Романсы Алябьева. При всём значении театральной, симфонической и особенно камерно-инструментальной музыки Алябьева жанр романса, безусловно, занимает ведущее место в его творчестве. Подобная картина жанров характеризует его как композитора-лирика, яркого представителя романтической эпохи и может напомнить, например, о роли песни в творчестве Шуберта. Такое сравнение справедливо ещё и потому, что влияние романса заметно во всех остальных областях творчества Алябьева. Существуют авторские оркестровые транскрипции и хоровые переложения романсов, не единожды встречаются автоцитаты. Но, главное, многие темы опер, симфоний. Камерно-инструментальных сочинений Алябьева пронизаны песенно-романсовыми интонациями, что сообщает лирический характер всему его творчеству.

Алябьев написал более 180 романсов. Он работал в этой области всю жизнь, особенно интенсивно – в период ссылки. Романс для Алябьева – прежде всего лирический, исповедальный жанр. Вся история его жизни о бурной гусарской юности до полных тяжёлых испытаний зрелых лет нашла отражение в его камерно-вокальных произведениях. В них же композитор выражал свою реакцию на волновавшие его явления российской действительности. Особым знаком автобиографичности стал для Алябьева образ соловья – олицетворение художника-певца. После создания своего самого знаменитого романса композитор написал ещё несколько произведений, содержащих не только образные, но и музыкальные реминисценции с «Соловьём» и образующие своеобразный рассредоточенный цикл: «Прощание с соловьём» (1828), «Прощание с соловьём на севере» (1831), «Что поёшь, краса девица» (1834).

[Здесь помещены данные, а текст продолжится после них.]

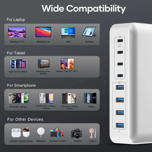 | Other Gadgets | AirPods, Apple Watch, Fitbit, Kindle, GoPro, Switch Host, Switch Dock, DJI Mavic 3 / Air 2S, Steam Deck, Rog Ally, Oculus etc. |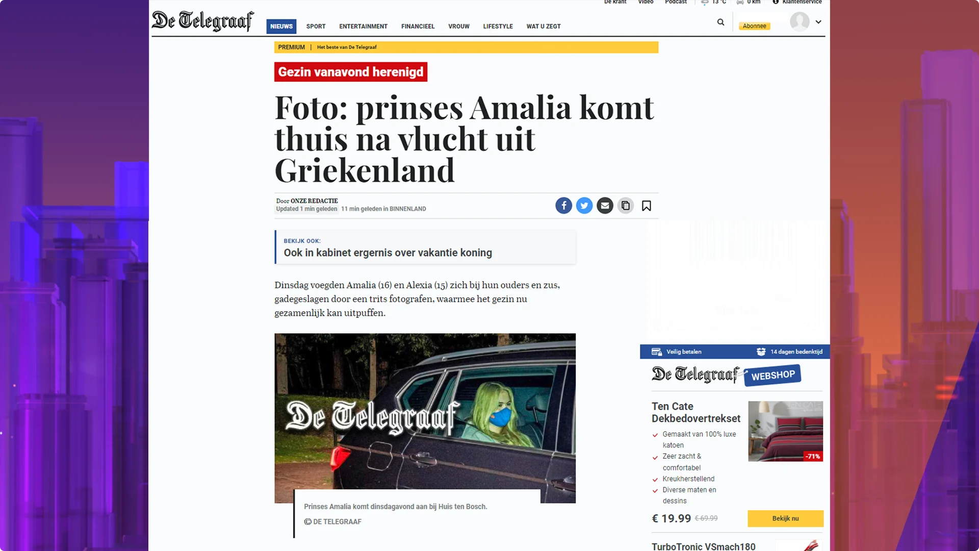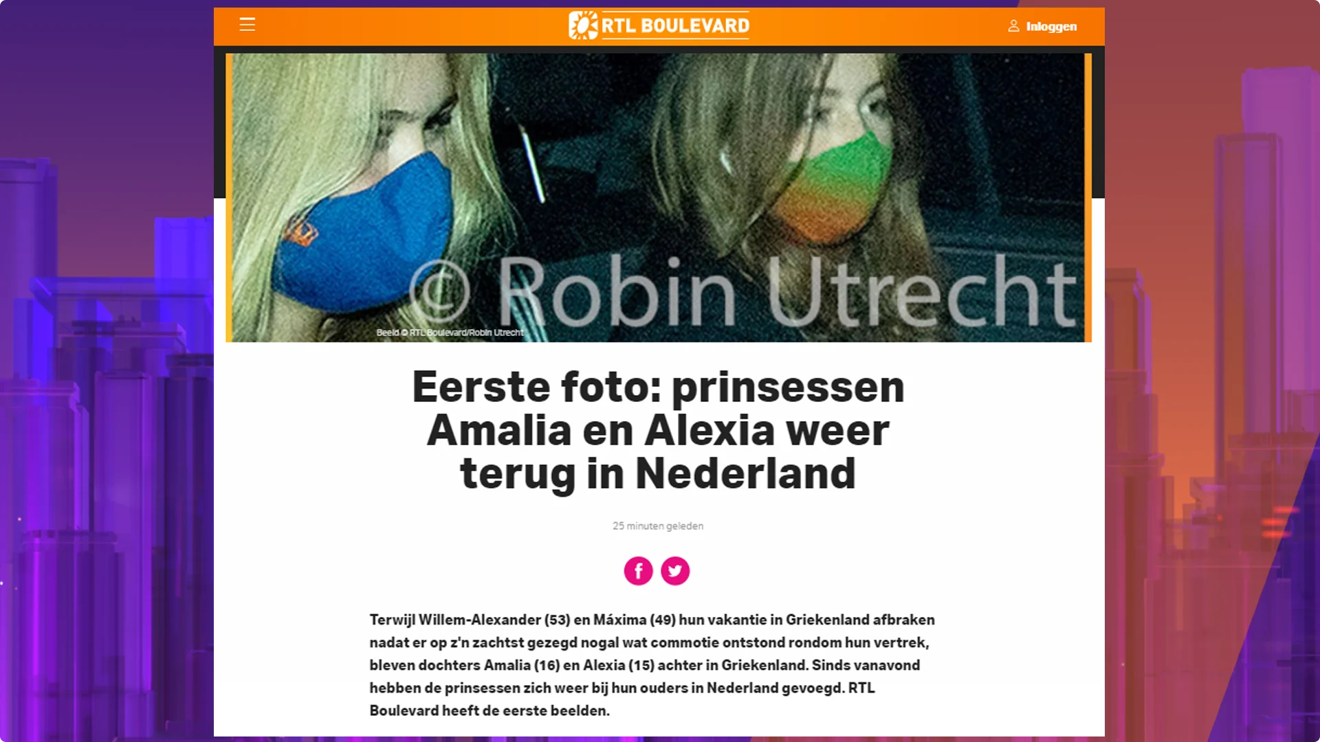 De oudste dochters van koning Willem-Alexander en koningin Máxima arriveerden per auto bij paleis Huis ten Bosch. Anders dan hun vader zaterdag droegen beiden een mondkapje, zo is te zien op foto's die De Telegraaf en RTL Boulevard publiceren. Alexia's mondkapje is van Jan Taminiau en kost 45 euro.

В то же время, используя в своём творчестве стихи множества русских поэтов, в основном своих современников, Алябьев соприкасался с широким кругом актуальных художественных идей, пропускал через себя и отражал в своей музыке мысли и чувствований целой эпохи. Именно это позволило впоследствии Асафьеву говорить об особой «душевной чуткости» композитора, о соответствии его творчества «Запросам множества людских сердец».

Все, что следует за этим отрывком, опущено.